Goal of the exercise
In this exercise, retype exactly the lines from the start of the entries through the line bearing "Sailor Moon Pluto", leaving every picture out.

(Stored items)
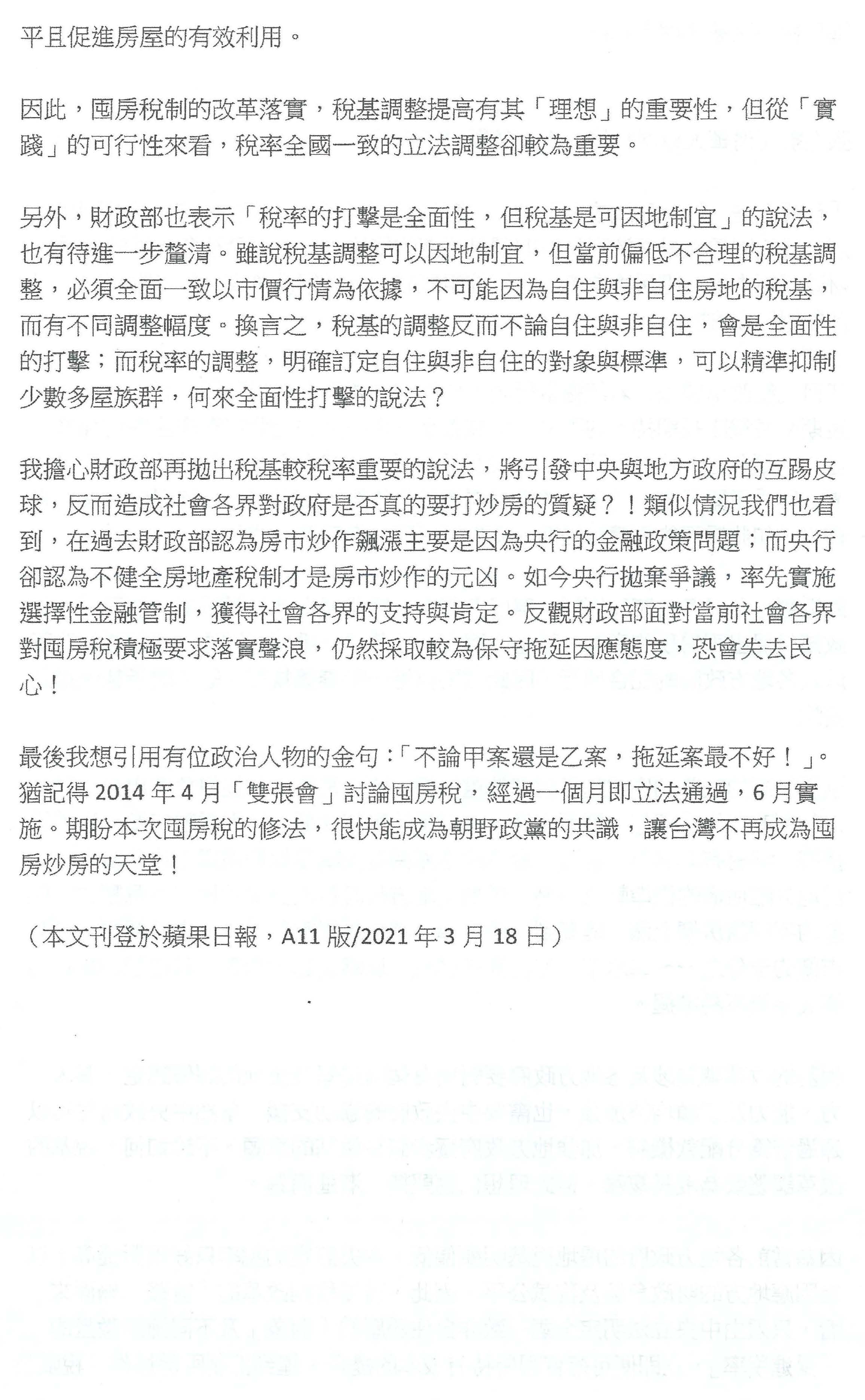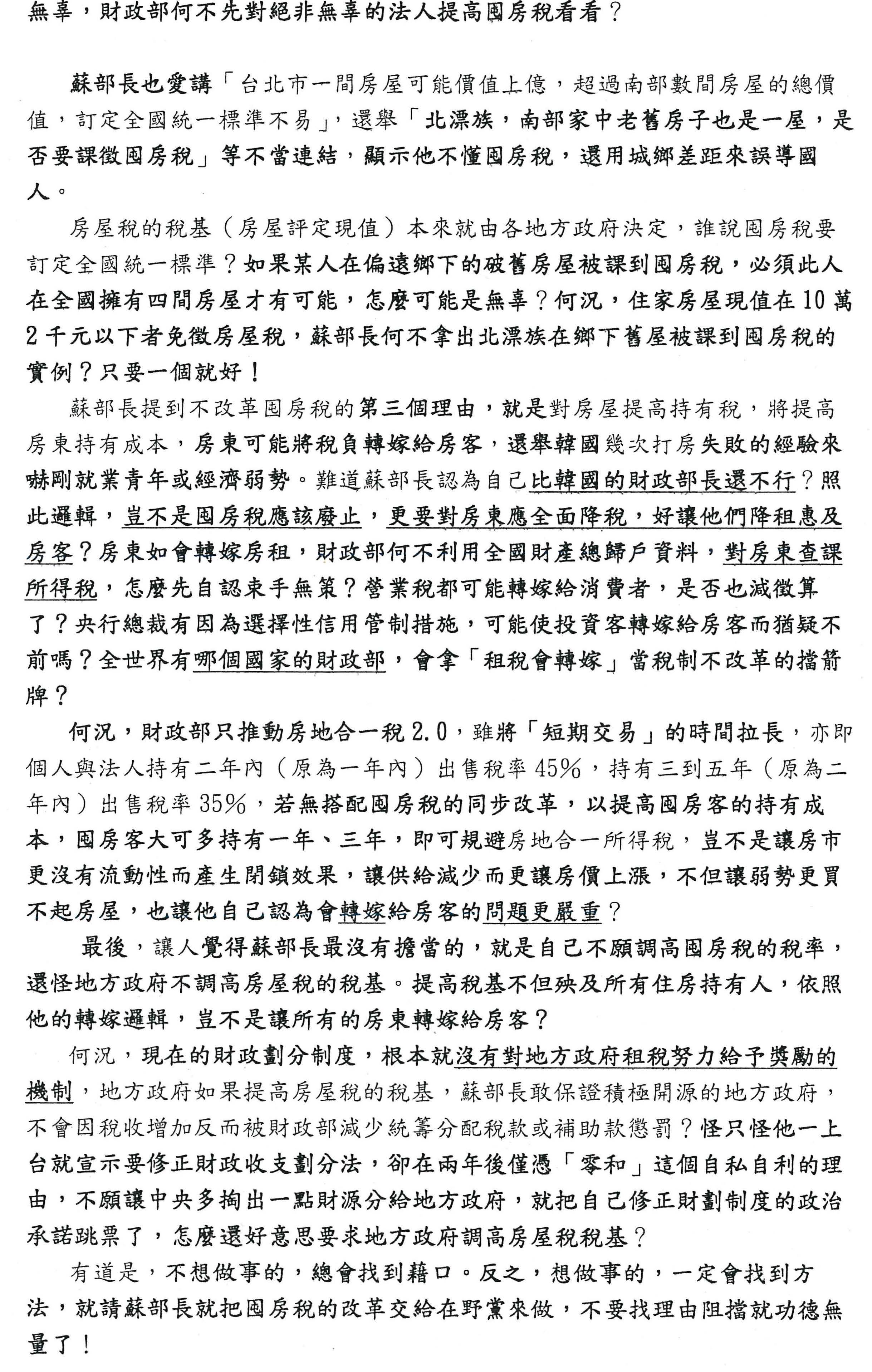 最後一點是財政部要求地方政府提高房屋評定現值的稅基,財政部自己都不提調高稅率,把責任都推給地方政府,請問財政部有沒有提供地方政府財政努力的獎勵機制?沒有啊!本來就可以修正財劃法把它納入,可是跳票的是財政部,就因為「零和」這個理由,中央政府不願意多撥一點財源給地方政府,所以就沒修改財劃法,地方政府當然就沒有誘因調高房屋評定現值,中央自己不帶頭調高稅率,怎麼好意思要求地方政府調高稅基?從以上的觀點,我認為不想做事總會找到藉口,反過來講,想做事的一定會找到方法,如果財政部不想推動囤房稅,那就把改革囤房稅的任務交給在野黨,不要再找理由阻擋囤房稅的改革,謝謝。
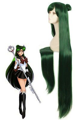 Sailor Moon Pluto Meiou Setsuna Long Straight Dark Green Hair Cosplay Full Wigs
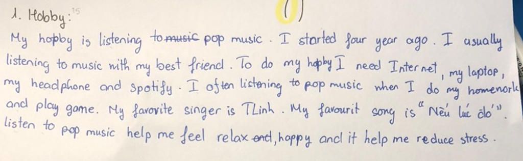 my hobby is listening to pop music. I started four years ago. I usually listening to pop music with my best friend. To do my hobby i need internet, laptop, headphone and spotifi. I often listening to pop music when i do homework or play game. My favourite singer is TLinh. My favourite song is "Neu luc do". Listening to pop music help me feel relax, happy and reduce stress.
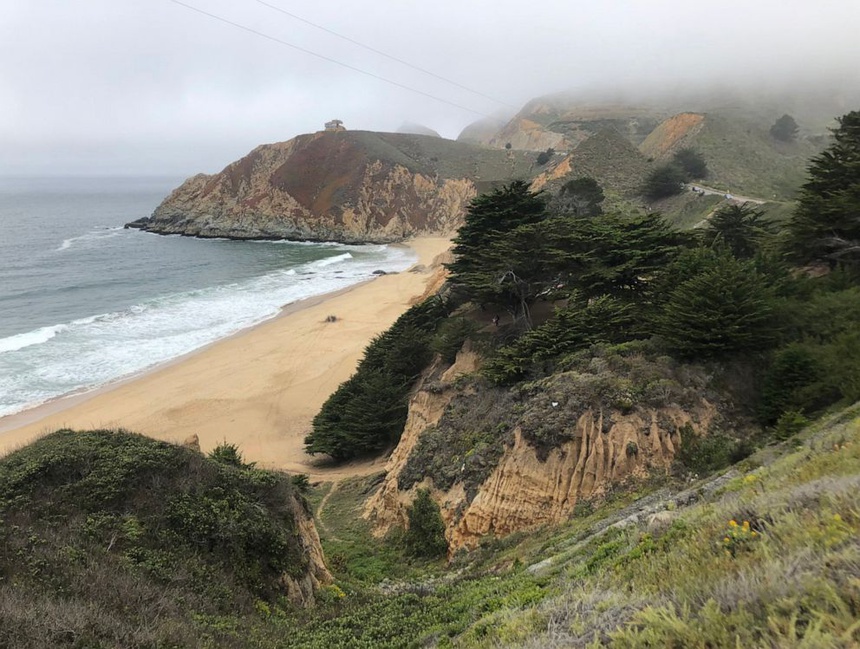 Bãi biển Grey Whale Cove State ở hạt San Mateo, nơi nạn nhân bơi vào và được cứu sống sau khi bị cá mập trắng lớn tấn công. Ảnh: Twitter.
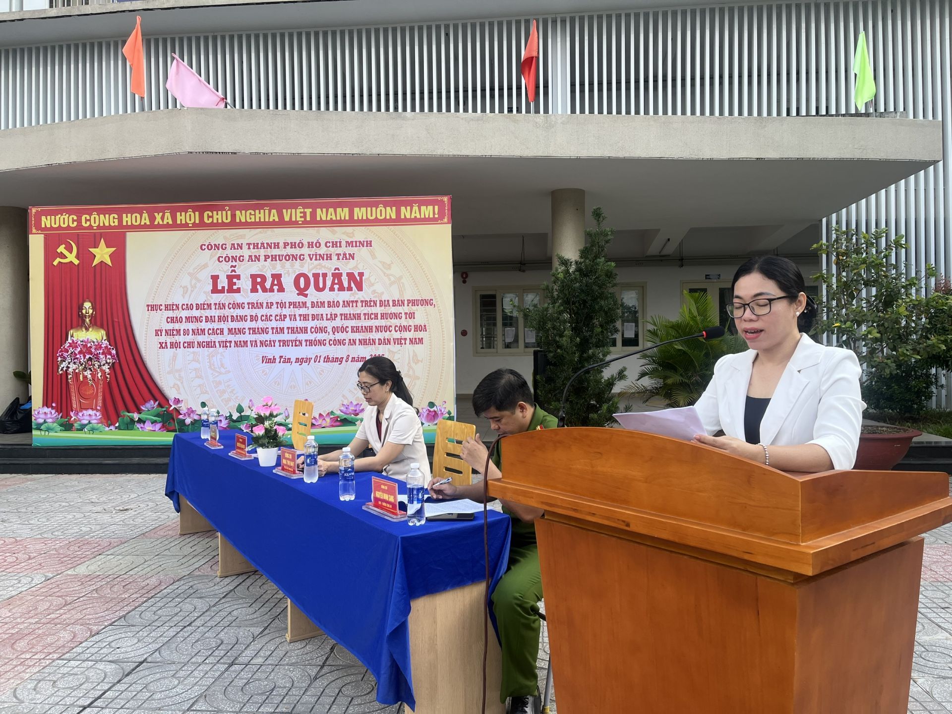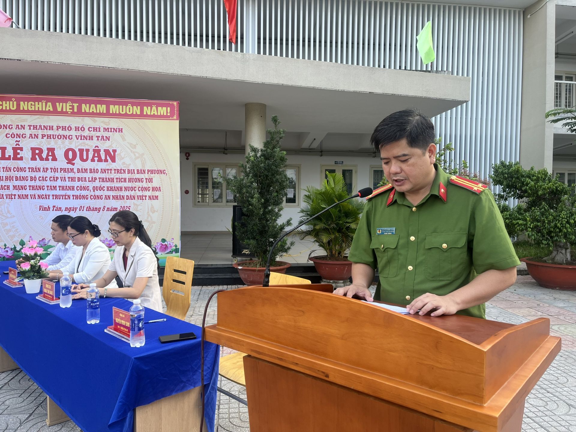 Sáng ngày 01/8, Công an phường Vĩnh Tân tổ chức Lễ ra quân thực hiện cao điểm tấn công trấn áp tội phạm, đảm bảo an ninh trật tự, chào mừng Đại hội Đảng các cấp và thi đua lập thành tích hướng tới kỷ niệm 80 năm Cách mạng Tháng Tám thành công (19/8/1945 - 19/8/2025), Quốc khánh nước Cộng hòa Xã hội chủ nghĩa Việt Nam (02/9/1945 - 02/9/2025) và ngày truyền thống Công an nhân dân Việt Nam (19/8/1945-19/8/2025). Tham dự buổi lễ có bà Mai Thị Đạt - Phó Bí thư thường trực Đảng ủy phường; bà Nguyễn Thị An Kim - Ủy viên Ban chấp hành Đảng ủy, Phó Chủ tịch UBND phường cùng đông đảo cán bộ, chiến sĩ công an, lực lượng dân quân, lực lượng bảo vệ an ninh ở cơ sở.
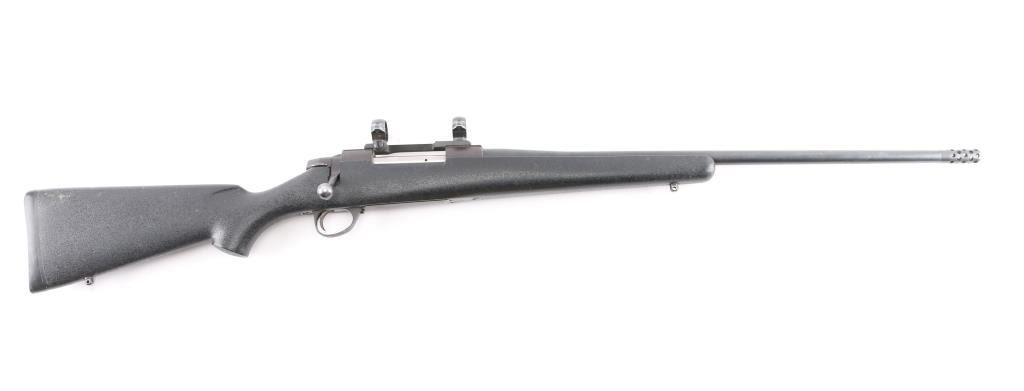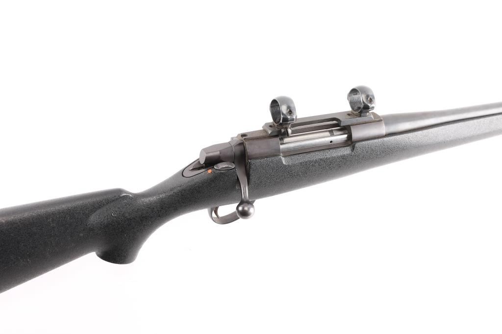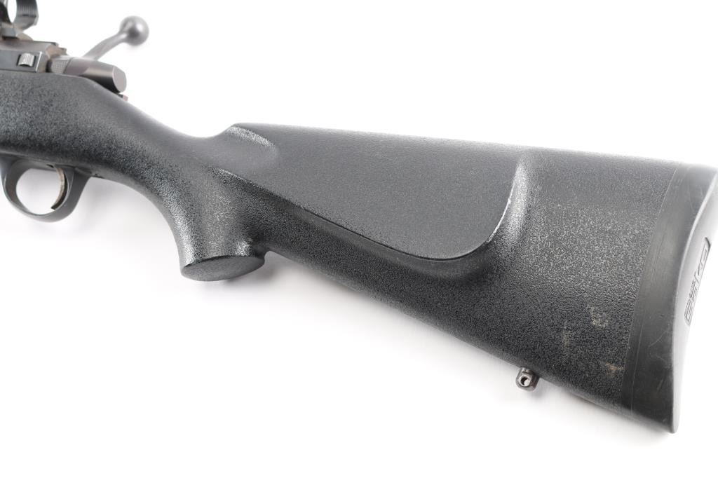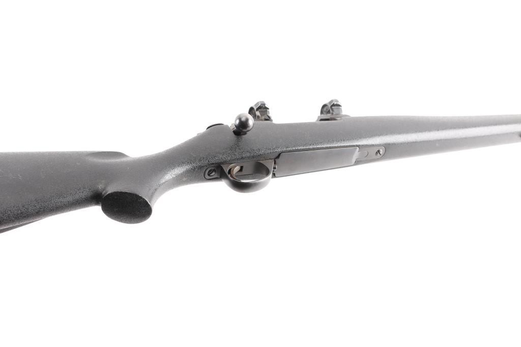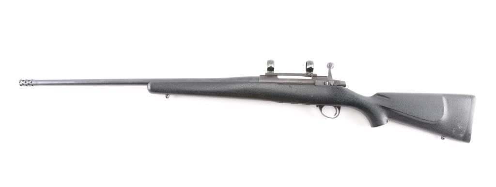 Finnish bolt action rifle, manufactured circa mid to late 1980's, no importer markings observed. Possibly refinished. Features matte blued finish, black composite sporter stock with right hand cheek piece, about one inch of cast-off, solid rubber butt pad, sling studs, 23.5" barrel with pepper pot muzzle brake installed, no sights, hinged floorplate, manual safety on right side of action, flat top receiver with dovetail rails, Redfield one piece scope base & rings (no optic). Bore is very good condition. Retains 95% finish with handling marks, some blemishes to the metal under the bluing (especially at muzzle brake). Several small patina spots on barrel. Stock is very good condition with minor blemishes.

Answer section
 最後一點是財政部要求地方政府提高房屋評定現值的稅基,財政部自己都不提調高稅率,把責任都推給地方政府,請問財政部有沒有提供地方政府財政努力的獎勵機制?沒有啊!本來就可以修正財劃法把它納入,可是跳票的是財政部,就因為「零和」這個理由,中央政府不願意多撥一點財源給地方政府,所以就沒修改財劃法,地方政府當然就沒有誘因調高房屋評定現值,中央自己不帶頭調高稅率,怎麼好意思要求地方政府調高稅基?從以上的觀點,我認為不想做事總會找到藉口,反過來講,想做事的一定會找到方法,如果財政部不想推動囤房稅,那就把改革囤房稅的任務交給在野黨,不要再找理由阻擋囤房稅的改革,謝謝。
 Sailor Moon Pluto Meiou Setsuna Long Straight Dark Green Hair Cosplay Full Wigs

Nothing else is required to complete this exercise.